Hi, all. I`ve chewed over all that data Kenneth posted to the list last
week, and decided on how to rank villiages, towns, and cities in my new
generic domain system. I had been having difficulty deciding just how
much more prosperous a large city would be over a small town or village,
etc. Note the numbers here are meant to be linear. This is what I have
decided on until someone points out something wrong with it:

Realm Levels:
0: Hamlet ().
1: Villiage.
2-3: Town.
4-5: Large town ().
6-9: Small city (Proudglaive).
10-17: City (Aerele).
18-25: Large city (Free City of Ilien).
26+: Metropolis (Imperial City).

I started by assuming a villiage was only a level 1, while a medium city
was level 10 or higher. I just extrapolated the rest from there.

To create larger units to work with than individual towns and cities,
simply sum together all such settlements in the desired region. In this
way a province can be created out of a city, two towns, and 8 villages,
to create a level 25 or whatever province. Kingdoms can also be created
in this way.

Here is my Imperial City Metropolis.

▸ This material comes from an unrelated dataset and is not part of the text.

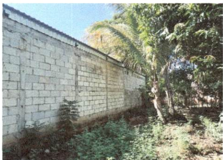
Foto 12: VISTA EXTERIOR Muro de aulas seran tratadas a base de alizado de cemento por filtracion de agua.

Hueguilob Firma y sello del Presidente del Consejo Educativo

Note it is a level 50(!) city,
leaps and bounds beyond any other individual urban settlement in my
system. Note I have divided up the various districts of the Imperial
City into units of their own, instead of working with it as a whole.
This is because my current campaign is a small-scale role-playing
campaign in the IC. Other GMs could wrk with the IC as a single level 50
unit. Note I use the map that the old Online City project created.

Example: Imperial City(50).
Fishers Harbour(5)

Gold income is generated as follows: Since the realm levels are linear,
it is easy to simply add up all levels of a single type in a domain and
multiply that by the income per holding type. Note I am using Law as the
primary holding for population taxation, not the province holding itself
as in the boxed set. Also, I introduce the Conclave holding which is a
non-mebhaighl arcane holding meant for non-BR settings, and the Theatre
holding which represents large-scale performances such as plays,
circuses, concerts, etc. Theatres are of course meant for Bards and can
affect the loyalty of a population just as Temples can. Note also that
the incomes are meant to be by month instead of season. I am simply
following my "lowest common denominator" rule here. Tell me if you think
it is too little or too much. Here is the list:

Domain Income per Month:
Law: 100gc.
Temple: 75gc.
Guild: 200gc.
Conclave: 25gc.
Theatre: 50gc.
Source: 0gc.

There will be varaibles to the income. I am working out the details, but
it involves rolling against a DC every month to see if you get the base
income, get more, or get less. The DC is calculated based on
environmental conditions such as nearby warfare (which is a bad thing),
the alignment of the general population (chaoticness/lawfulness of the
general population can be a factor in the support of large institutions,
IMO), and the current season (autumn is a great time to tax, winter a
poor time, etc.). Then there are modifiers to the roll, based on how
skilled or powerful the regent is, how efficient the government style
is, and how heavily they want to squeeze money out of their people.
Here`s what I have so far:

Taxaton Mobifiers to Check:
Light: +4.
Moderate: +0.
Heavy: -6.
Severe: -10.

Seasonal Modifiers to DC:
Spring: +0.
Summer: +4.
Autumn: -6.
Winter: +8.

Alignment Modifiers to DC:
Lawful: -2.
Neutral: +0.
Chaotic: +2.

War Modifiers to DC:
Peace: +0.
War: +6.
Recovering: +2.
Long-term Peace: -4.

Each point rolled above or below the DC adds or removes (respectively)
5% to the total domain income for the turn. Example: The domain is 34
levels of Guilds, meaning base income is 6800gp for a single month. If
the Income DC is 22 and the player rolls a 25 after all modifiers, the
domain`s income is increased by 15% for that turn.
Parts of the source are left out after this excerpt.